Dataset items:
= = = =

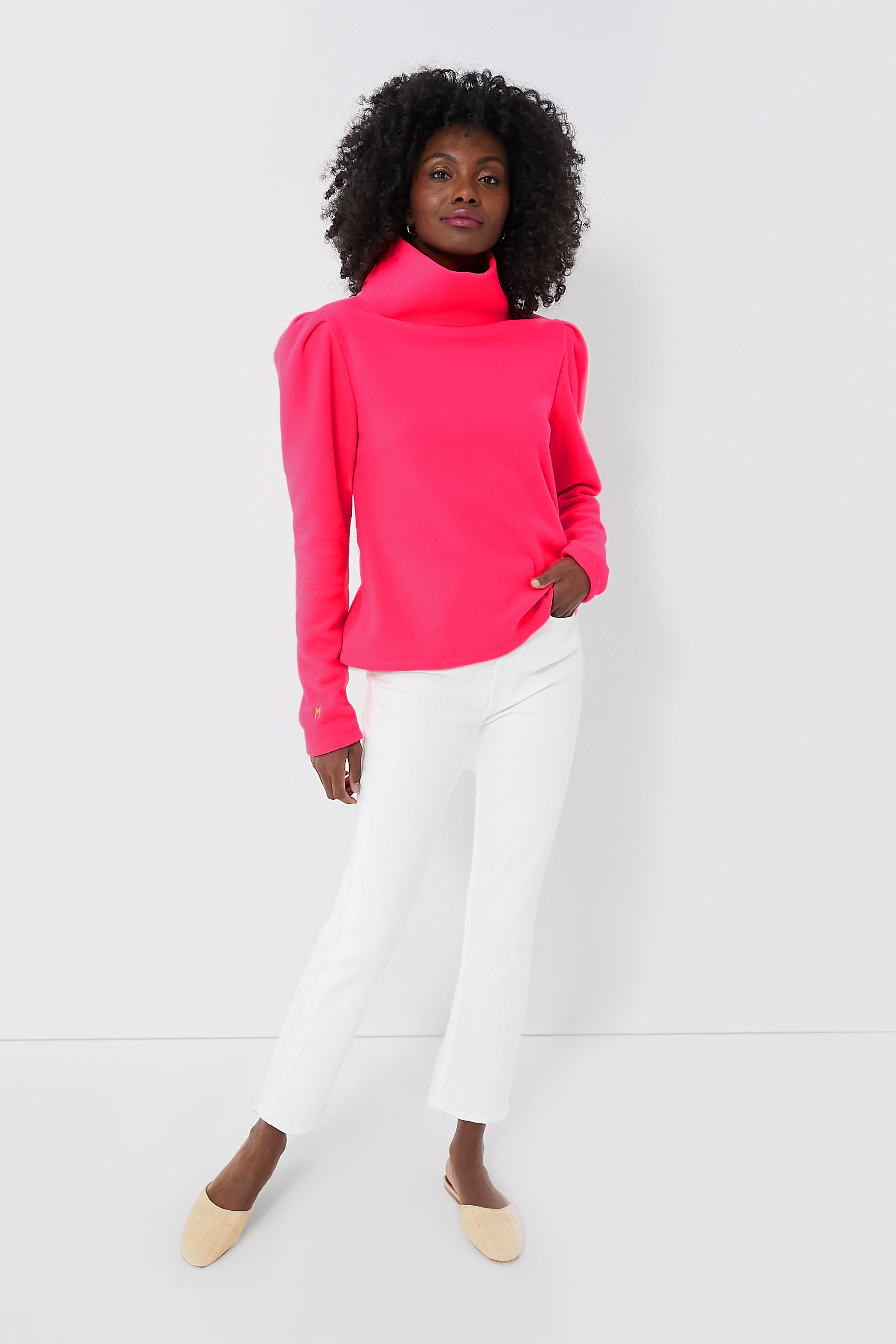 Who ever said cozy fleeces have to be boring? A Morningim exclusive style. the Neon Pink Palmer Vello adds a vibrant hue and feminine details like puffed shoulders to make this turtleneck feel a bit more interesting. A slightly cropped hem length makes this silhouette perfect for pairing with high waisted denim for weekend adventures or running errands. or with leggings or joggers when you're craving even more comfort.
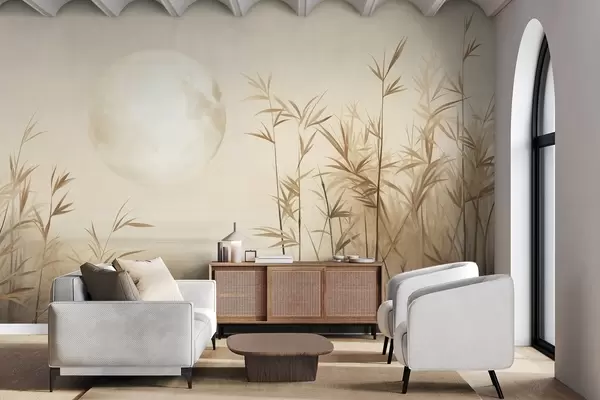 Fototapeedid Tekstuurne maastik kõrge roo, järve ja kahvatu kuuga uduses taevas Nr w09631
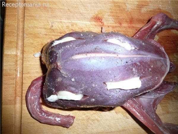 Тетерева натираем солью и перцем, на грудке делаем надрезы и помещаем в них кусочки сала и чеснока. Вовнутрь птицы кладем нарезанный полукольцами лук, несколько кусочков сала и долек чеснока.
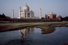 INDIA. Taj Mahal, 1999. Men walking in water in front of the...
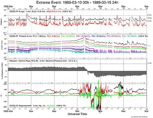 A tempestade geomagnética de março de 1989 causou o colapso da rede elétrica Hydro-Québec em segundos, quando os relés de proteção do equipamento dispararam em uma sequência em cascata.[3][17] 6 milhões de pessoas ficaram sem energia por 9 horas. A tempestade causou auroras tão ao sul quanto o Texas, Estados Unidos.[4] A tempestade que causou este evento foi o resultado de uma massa coronal ejetada do Sol em 9 de março de 1989.[18] O Dst mínimo foi de −589 nT.
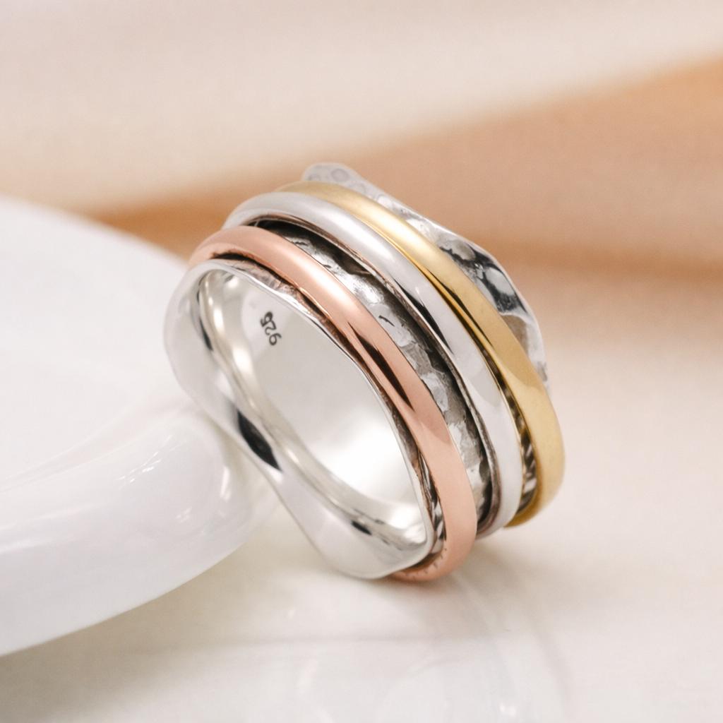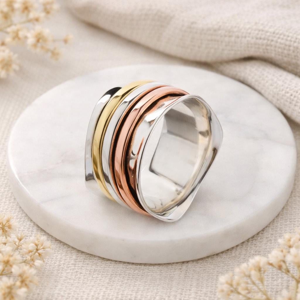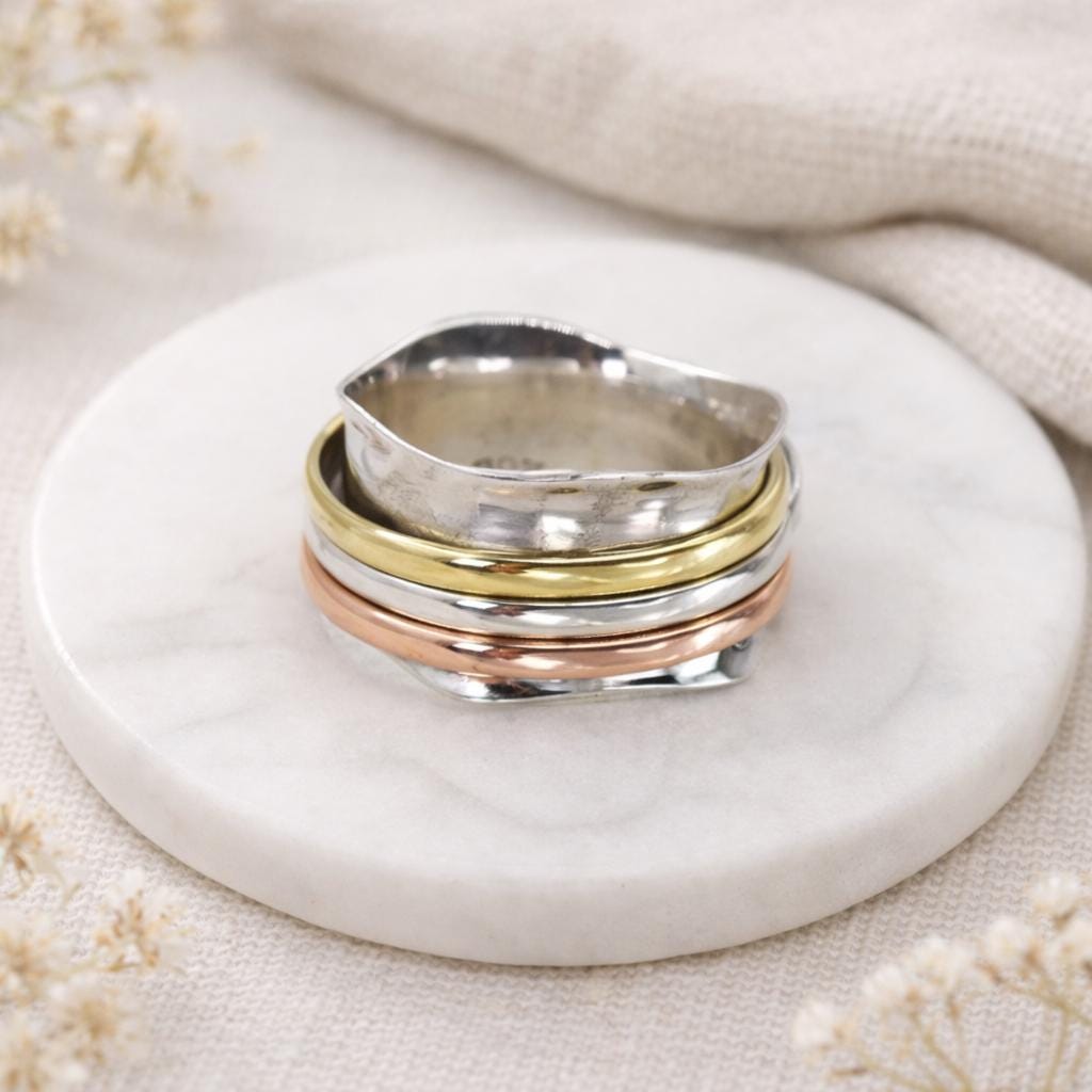 Made by hand using solid 925 sterling silver, the main band features a gently flowing wave shaped edge that feels organic and comfortable on the finger. Three smooth spinner bands sit neatly within the design and rotate freely, one in sterling silver, one in warm copper, and one in golden brass. The combination of metals adds depth and contrast, while the movement offers a calming, grounding feel many people love in a spinner ring.

= = = =

**EXERCISE PROMPT**:
Could you restate every record above word for word, dropping the pictures?

**OUTPUT BELOW**:
 Who ever said cozy fleeces have to be boring? A Morningim exclusive style. the Neon Pink Palmer Vello adds a vibrant hue and feminine details like puffed shoulders to make this turtleneck feel a bit more interesting. A slightly cropped hem length makes this silhouette perfect for pairing with high waisted denim for weekend adventures or running errands. or with leggings or joggers when you're craving even more comfort.
 Fototapeedid Tekstuurne maastik kõrge roo, järve ja kahvatu kuuga uduses taevas Nr w09631
 Тетерева натираем солью и перцем, на грудке делаем надрезы и помещаем в них кусочки сала и чеснока. Вовнутрь птицы кладем нарезанный полукольцами лук, несколько кусочков сала и долек чеснока.
 INDIA. Taj Mahal, 1999. Men walking in water in front of the...
 A tempestade geomagnética de março de 1989 causou o colapso da rede elétrica Hydro-Québec em segundos, quando os relés de proteção do equipamento dispararam em uma sequência em cascata.[3][17] 6 milhões de pessoas ficaram sem energia por 9 horas. A tempestade causou auroras tão ao sul quanto o Texas, Estados Unidos.[4] A tempestade que causou este evento foi o resultado de uma massa coronal ejetada do Sol em 9 de março de 1989.[18] O Dst mínimo foi de −589 nT.
 Made by hand using solid 925 sterling silver, the main band features a gently flowing wave shaped edge that feels organic and comfortable on the finger. Three smooth spinner bands sit neatly within the design and rotate freely, one in sterling silver, one in warm copper, and one in golden brass. The combination of metals adds depth and contrast, while the movement offers a calming, grounding feel many people love in a spinner ring.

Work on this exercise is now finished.